- Data for this exercise -

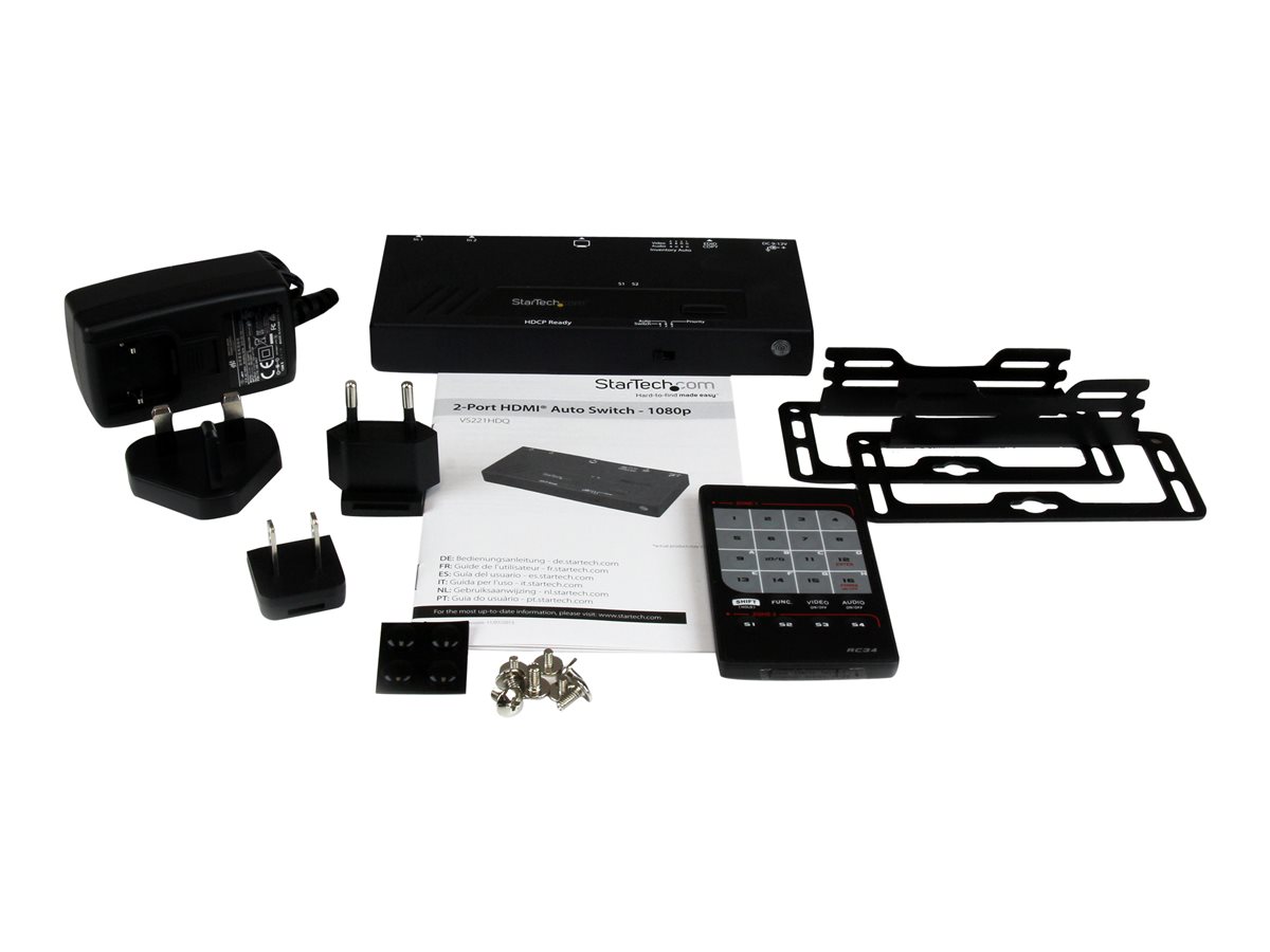 | Popis výrobku | StarTech.com 2 Port HDMI Switch w/ Automatic and Priority Switching - 2 In 1 Out HDMI Selector with Automatic Priority Switching - 1080p (VS221HDQ) - spínač video/audio - 2 porty |
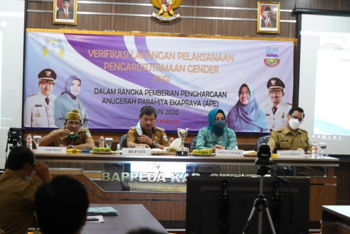 GARUT,koran-samudra.com– Pemerintah Kabupaten Garut melaksanakan Verifikasi Lapangan Pelaksanaan Pengarusutamaan Gender (PUG) Dalam Rangka Pemberian Penghargaan Anugerah Parahita Ekapraya (APE) Tahun 2020 yang diselenggarakan di Aula Badan Perencanaan Pembangunan Daerah (BAPPEDA), Kecamatan Tarogong Kidul, Kabupaten Garut, Senin (5/4/2021). Acara ini dihadiri oleh para SKPD (Satuan Kerja Perangkat Daerah) di Kabupaten Garut.
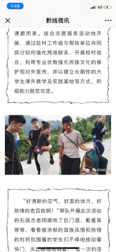 的一张名片——移动三脚架志愿服务队,这次移动三脚架在暑期为贵州乡村拍摄专题图片、村民全家福并且将所有的作品最后以影展的方式呈现给村民和外界。在拍摄作品的过程中,服务队不同专业的学生利用其专业知识和专业素养。摄影专业和导演专业通过拍摄作品来呈现问题,其他专业作为辅助,通过专业视角提供拍摄意见,最终通过整理所得资料因地制宜、因时制宜提出脱贫建议。
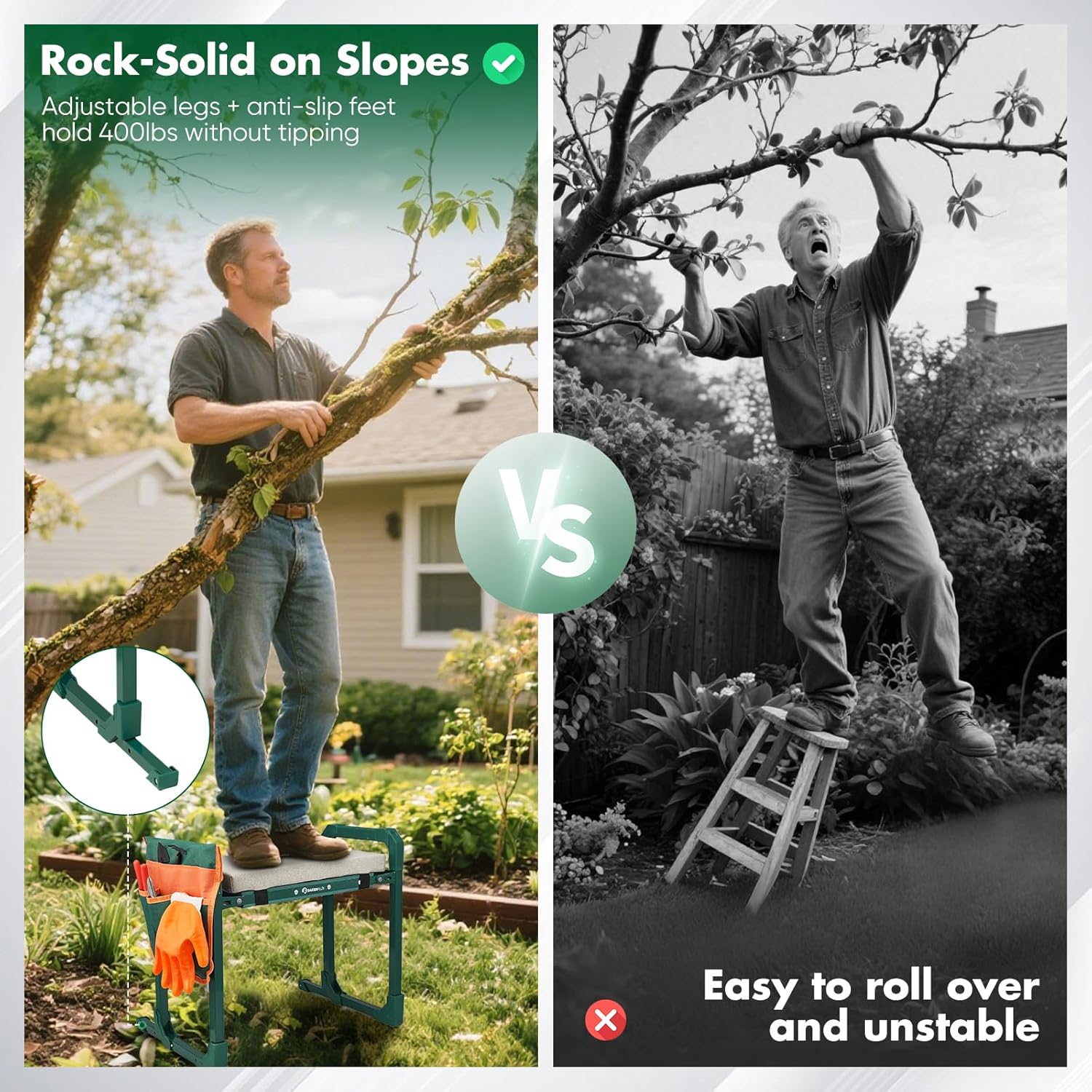 - ⚙ 【Adjustable Legs for Uneven Terrain】 Built with extendable support legs and non-slip rubber feet, this Sakerplus kneeling chair adapts to slopes, gravel, or soft soil. Designed to help maintain stability while planting in raised beds or trimming hedges, even on uneven ground.
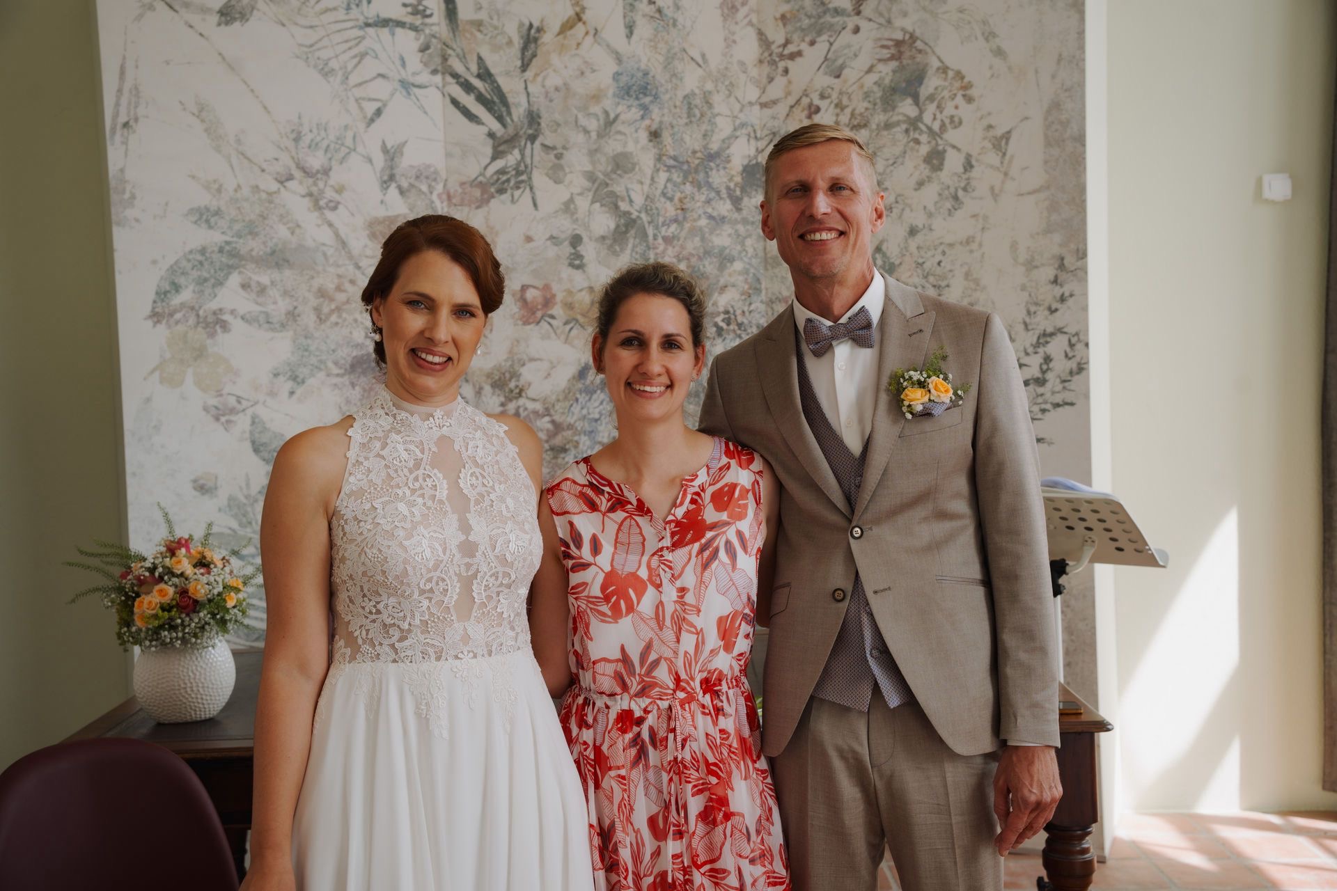 Liebe Juliane, an dieser Stelle möchten wir Dir nochmal Danke sagen. Danke, dass du mit Deinen wunderbar passenden Worten unseren Tag zu etwas ganz besonderen gemacht hast. Von der ersten Kontaktaufnahme bis zur Trauung hast Du uns mit Deiner Professionalität, Herzlichkeit und Kreativität beeindruckt. Du hast es geschafft unsere persönliche Geschichte auf eine wunderschöne und feinfühlige Weise in die Traurede einzubinden, was den Moment für uns und unsere Gäste unvergesslich gemacht hat. Du hast Dir unglaublich viel Zeit genommen uns kennenzulernen und unsere Wünsche und Vorstellungen zu verstehen. Deine offene Art und Dein Engagement haben uns sofort das Gefühl gegeben, in den besten Händen zu sein. Die Trauung war perfekt auf uns abgestimmt und hat eine wunderbare Atmosphäre geschaffen, die alle Anwesenden berührt hat. Wir können Dich nur wärmstens empfehlen! Du bist nicht nur eine super Rednerin, sondern auch eine wunderbare Person, die mit viel Liebe und Leidenschaft arbeitet. Vielen lieben Dank, für diesen besonderen Tag, den wir nie vergessen werden! Alles Liebe für Dich
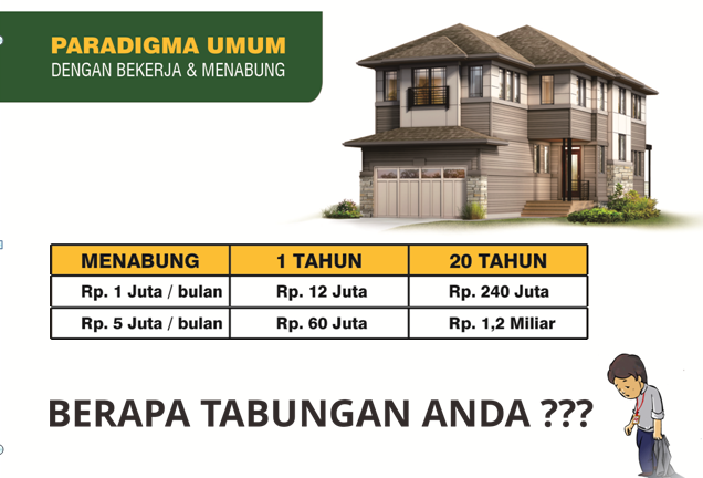 Yaitu dengan bekerja dan Menabung, Pola kerja ini dilakukan oleh lebih dari 80% masyarakat dunia, artinya mereka membarter waktunya untuk mendapatkan uang, dan sisanya mereka tabung untuk mewujudkan impian masa depannya. Namun kemampuan menabung orang indonesia hanya mampu bertahan sampai 1 tahun, sebab jika hari raya, Biasanya tabungannya bersih, untuk keperluan hari raya, jadi pola kerja ini terbukti gagal dalam mewujudkan impian masa depan.
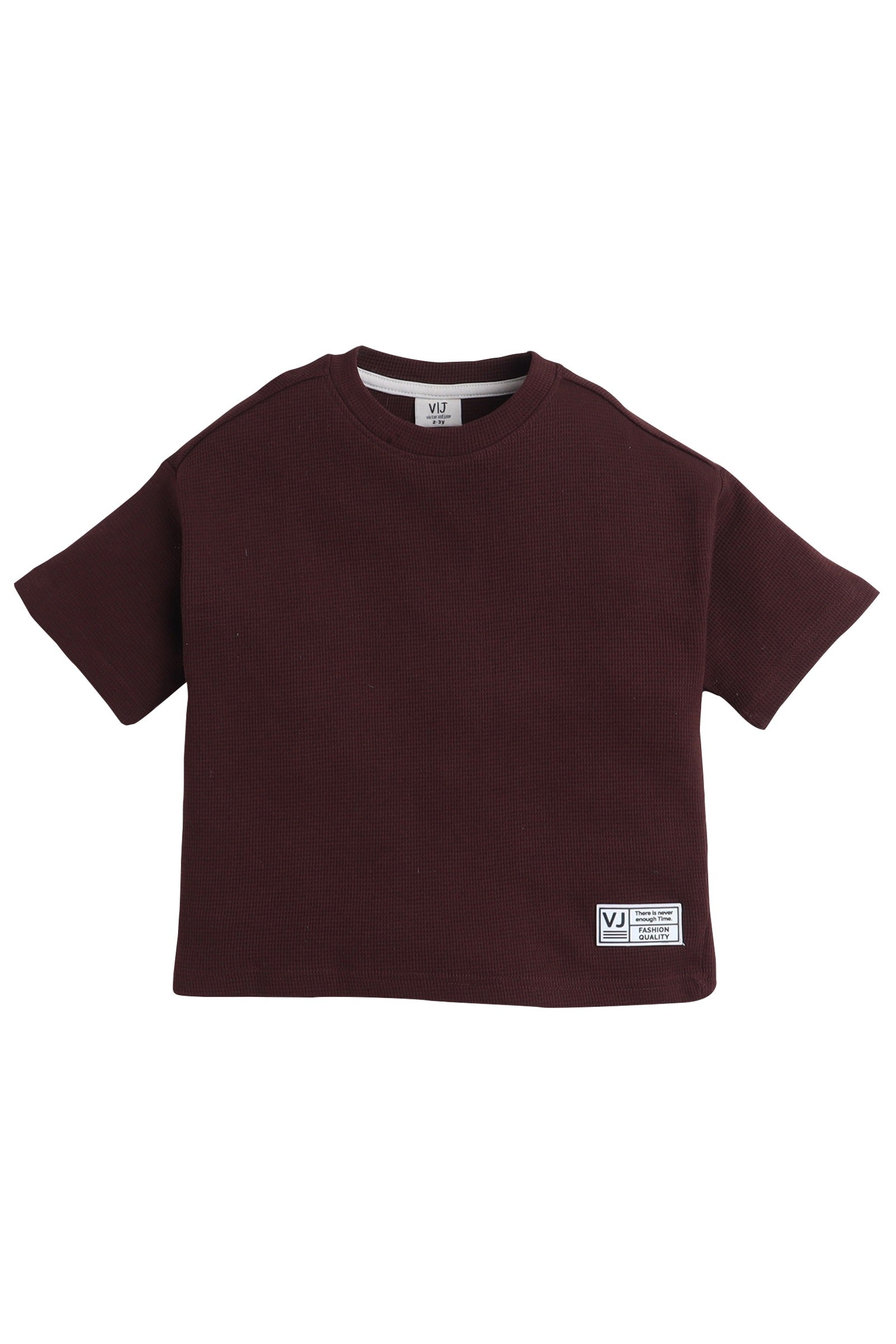Junior Boys Textured Cotton T-Shirt - Rust Red
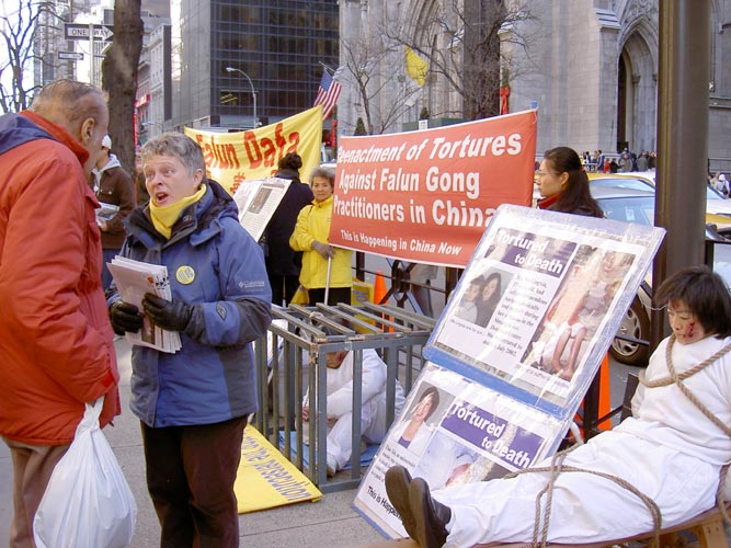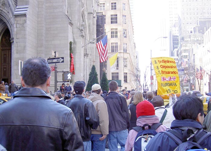 后来,我想通了,法轮功学员心里装着每个人的未来,我们的笑容与和善都具有正面的力量,在冷漠的纽约街头是让人安心的象征。寒冷的早晨,当人们赶着上班、心里盘算公事时,猛然一抬头看到法轮功学员的笑容,就像碰见老朋友一样愉快。
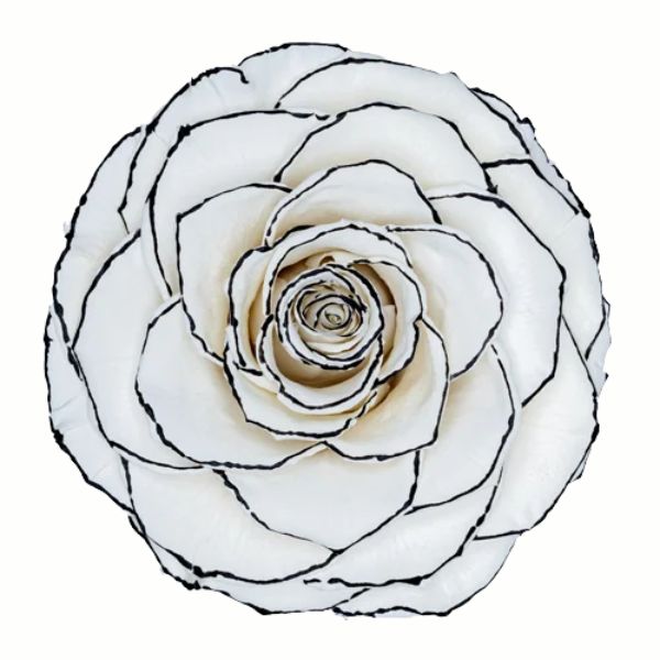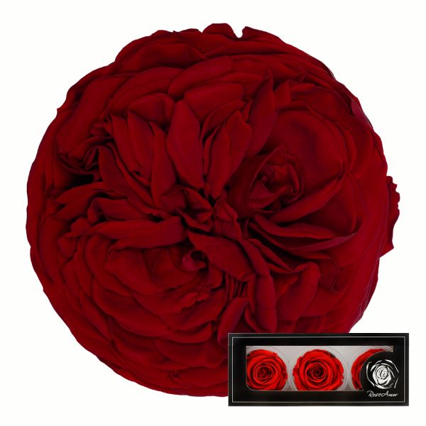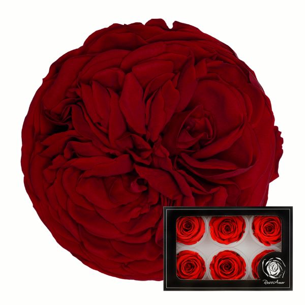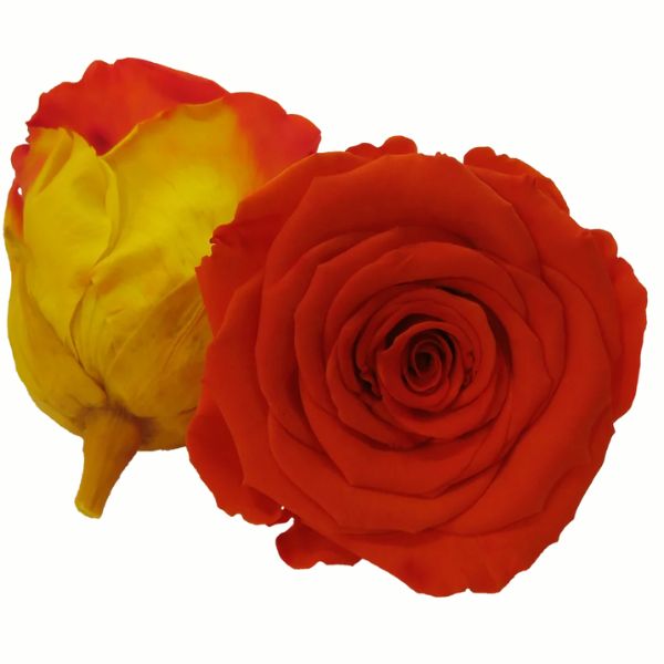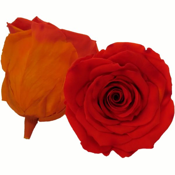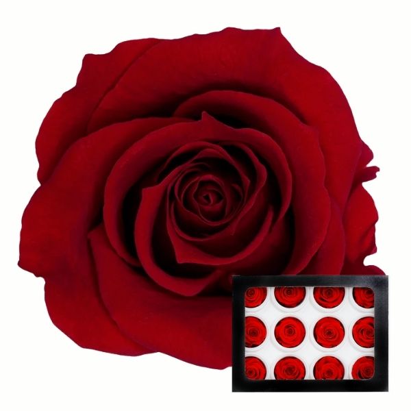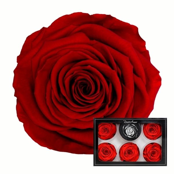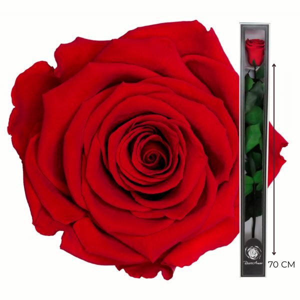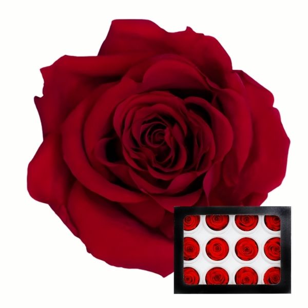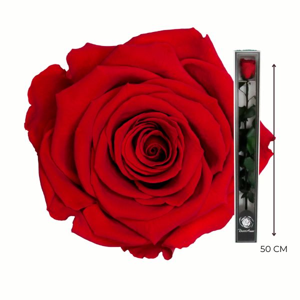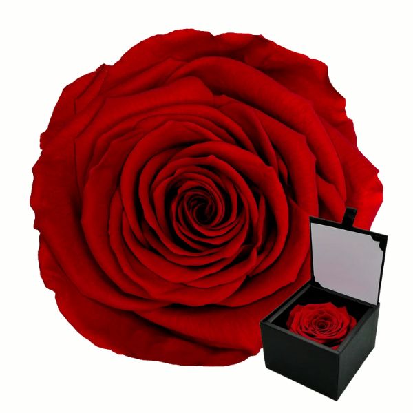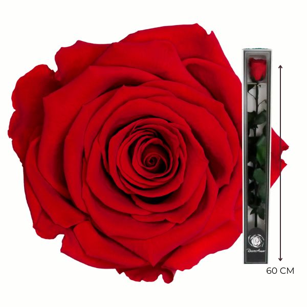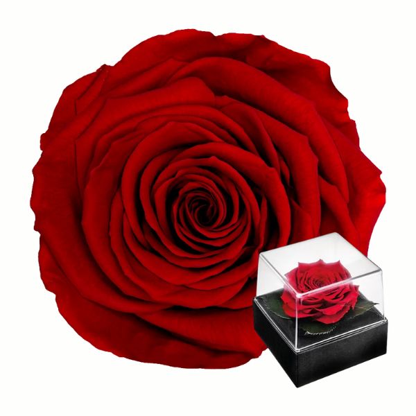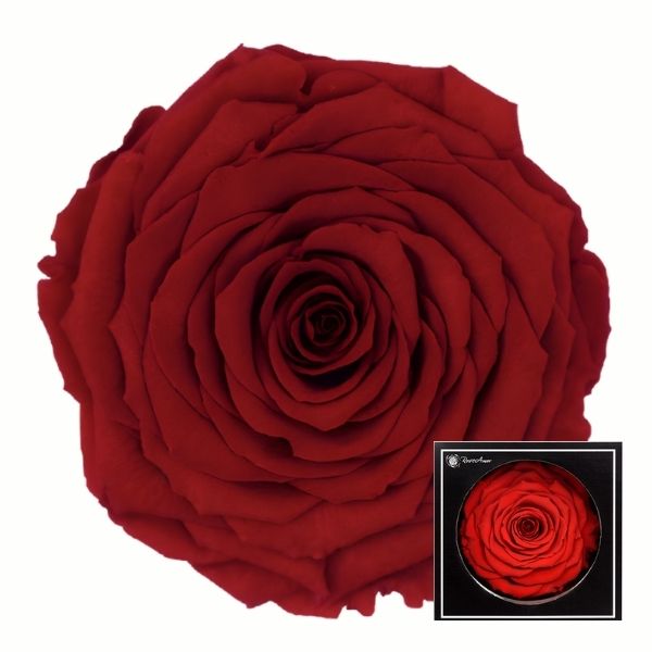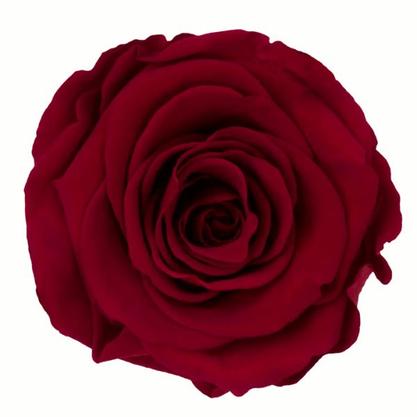 Rosa preservada natural que conserva la belleza, forma y suavidad características de la flor fresca. Su estabilidad y riqueza de color la convierten en una opción decorativa elegante y atemporal, muy valorada en composiciones florales de larga duración.

- Task directions -
Apart from the images, retype the full material exactly as written.

- Answer space -
 | Popis výrobku | StarTech.com 2 Port HDMI Switch w/ Automatic and Priority Switching - 2 In 1 Out HDMI Selector with Automatic Priority Switching - 1080p (VS221HDQ) - spínač video/audio - 2 porty |
 GARUT,koran-samudra.com– Pemerintah Kabupaten Garut melaksanakan Verifikasi Lapangan Pelaksanaan Pengarusutamaan Gender (PUG) Dalam Rangka Pemberian Penghargaan Anugerah Parahita Ekapraya (APE) Tahun 2020 yang diselenggarakan di Aula Badan Perencanaan Pembangunan Daerah (BAPPEDA), Kecamatan Tarogong Kidul, Kabupaten Garut, Senin (5/4/2021). Acara ini dihadiri oleh para SKPD (Satuan Kerja Perangkat Daerah) di Kabupaten Garut.
 的一张名片——移动三脚架志愿服务队,这次移动三脚架在暑期为贵州乡村拍摄专题图片、村民全家福并且将所有的作品最后以影展的方式呈现给村民和外界。在拍摄作品的过程中,服务队不同专业的学生利用其专业知识和专业素养。摄影专业和导演专业通过拍摄作品来呈现问题,其他专业作为辅助,通过专业视角提供拍摄意见,最终通过整理所得资料因地制宜、因时制宜提出脱贫建议。
 - ⚙ 【Adjustable Legs for Uneven Terrain】 Built with extendable support legs and non-slip rubber feet, this Sakerplus kneeling chair adapts to slopes, gravel, or soft soil. Designed to help maintain stability while planting in raised beds or trimming hedges, even on uneven ground.
 Liebe Juliane, an dieser Stelle möchten wir Dir nochmal Danke sagen. Danke, dass du mit Deinen wunderbar passenden Worten unseren Tag zu etwas ganz besonderen gemacht hast. Von der ersten Kontaktaufnahme bis zur Trauung hast Du uns mit Deiner Professionalität, Herzlichkeit und Kreativität beeindruckt. Du hast es geschafft unsere persönliche Geschichte auf eine wunderschöne und feinfühlige Weise in die Traurede einzubinden, was den Moment für uns und unsere Gäste unvergesslich gemacht hat. Du hast Dir unglaublich viel Zeit genommen uns kennenzulernen und unsere Wünsche und Vorstellungen zu verstehen. Deine offene Art und Dein Engagement haben uns sofort das Gefühl gegeben, in den besten Händen zu sein. Die Trauung war perfekt auf uns abgestimmt und hat eine wunderbare Atmosphäre geschaffen, die alle Anwesenden berührt hat. Wir können Dich nur wärmstens empfehlen! Du bist nicht nur eine super Rednerin, sondern auch eine wunderbare Person, die mit viel Liebe und Leidenschaft arbeitet. Vielen lieben Dank, für diesen besonderen Tag, den wir nie vergessen werden! Alles Liebe für Dich
 Yaitu dengan bekerja dan Menabung, Pola kerja ini dilakukan oleh lebih dari 80% masyarakat dunia, artinya mereka membarter waktunya untuk mendapatkan uang, dan sisanya mereka tabung untuk mewujudkan impian masa depannya. Namun kemampuan menabung orang indonesia hanya mampu bertahan sampai 1 tahun, sebab jika hari raya, Biasanya tabungannya bersih, untuk keperluan hari raya, jadi pola kerja ini terbukti gagal dalam mewujudkan impian masa depan.
Junior Boys Textured Cotton T-Shirt - Rust Red
 后来,我想通了,法轮功学员心里装着每个人的未来,我们的笑容与和善都具有正面的力量,在冷漠的纽约街头是让人安心的象征。寒冷的早晨,当人们赶着上班、心里盘算公事时,猛然一抬头看到法轮功学员的笑容,就像碰见老朋友一样愉快。
 Rosa preservada natural que conserva la belleza, forma y suavidad características de la flor fresca. Su estabilidad y riqueza de color la convierten en una opción decorativa elegante y atemporal, muy valorada en composiciones florales de larga duración.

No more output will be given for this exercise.